Return the material below exactly, but only from the line with "Câble USB-C - UGREEN" through the line with "Корпус диаметром 40", and without its pictures.
==== Recorded information ====
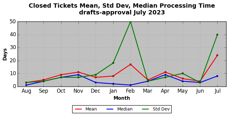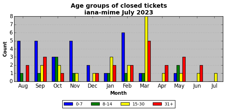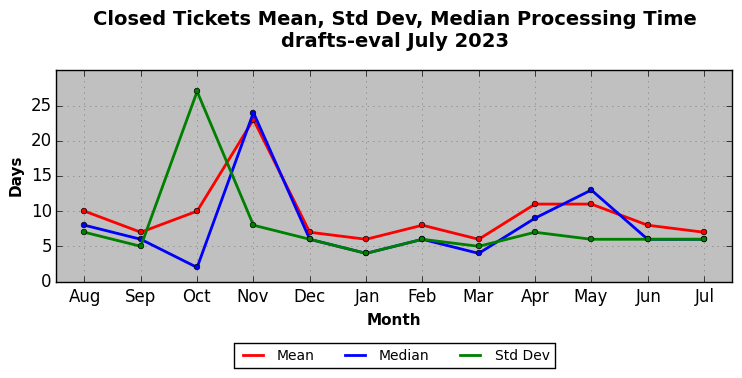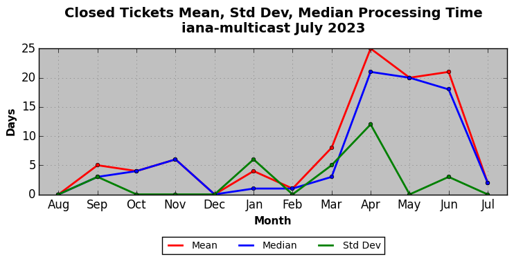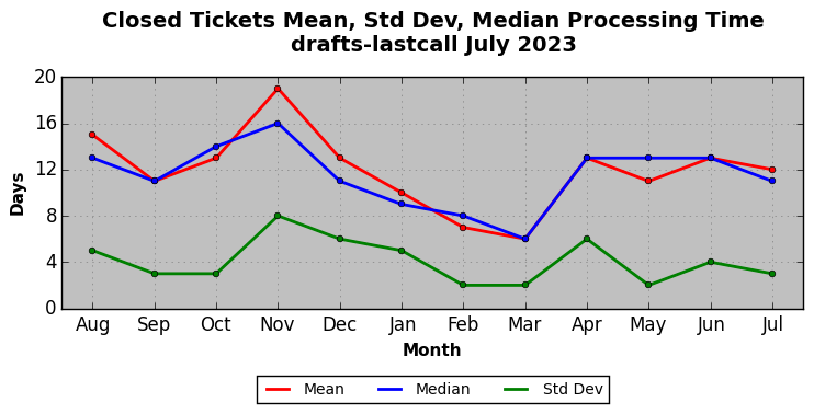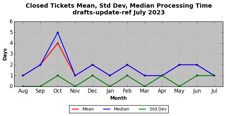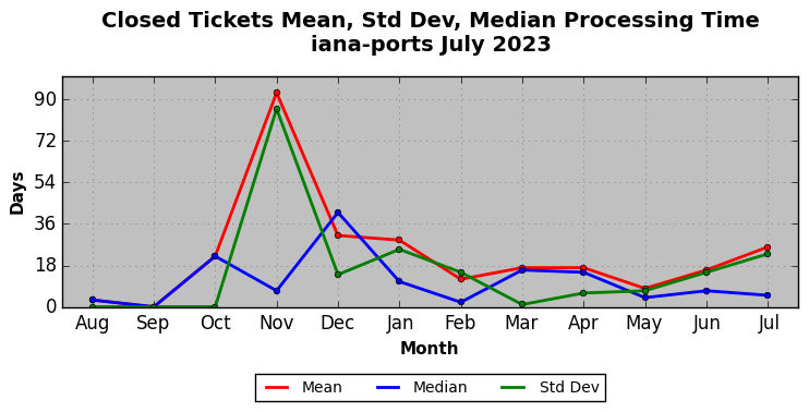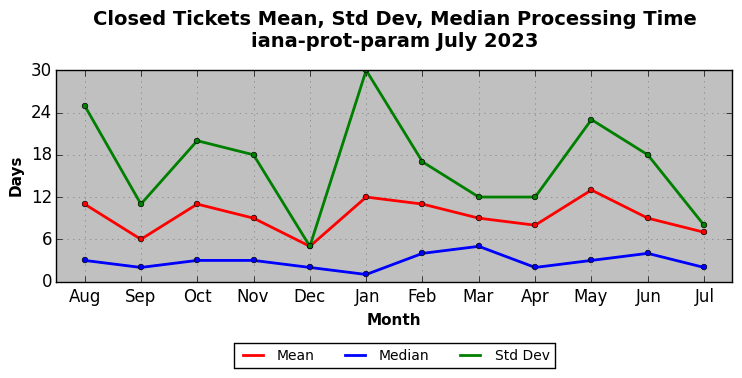 The statistics below are offered to measure IANA's fulfillment of the goals established in the ICANN / IANA - IETF MoU Supplemental Agreement. Further details on these goals and statistics can be found by reviewing the agreement.
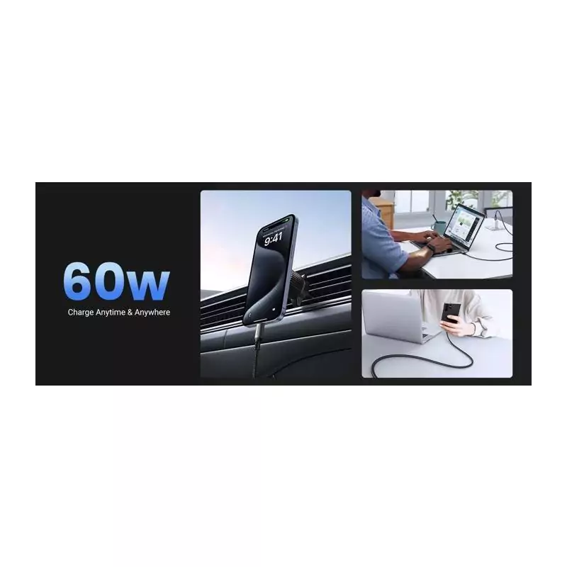 Câble USB-C - UGREEN - Câble data 1 m - 60W - Nylon - PD - Noir
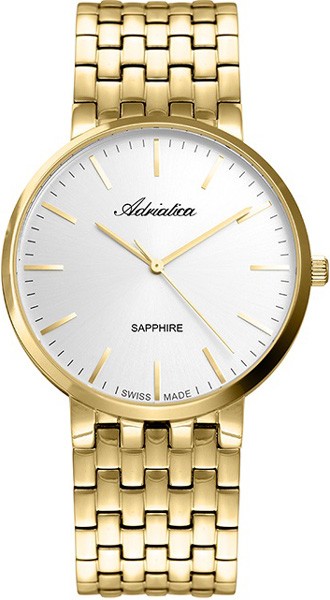 Корпус диаметром 40 мм и браслет выполнены из нержавеющей стали 316L с PVD-покрытием золотого цвета. Часы кварцевые. Стекло сапфировое. Циферблат стального цвета. Водозащита 50 метров. Функции: часы, минуты, секунды.
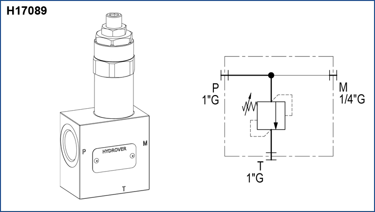 New H17089 - Inline relief valve / P-T 1” G
====
= Answer to this exercise =
 Câble USB-C - UGREEN - Câble data 1 m - 60W - Nylon - PD - Noir
 Корпус диаметром 40 мм и браслет выполнены из нержавеющей стали 316L с PVD-покрытием золотого цвета. Часы кварцевые. Стекло сапфировое. Циферблат стального цвета. Водозащита 50 метров. Функции: часы, минуты, секунды.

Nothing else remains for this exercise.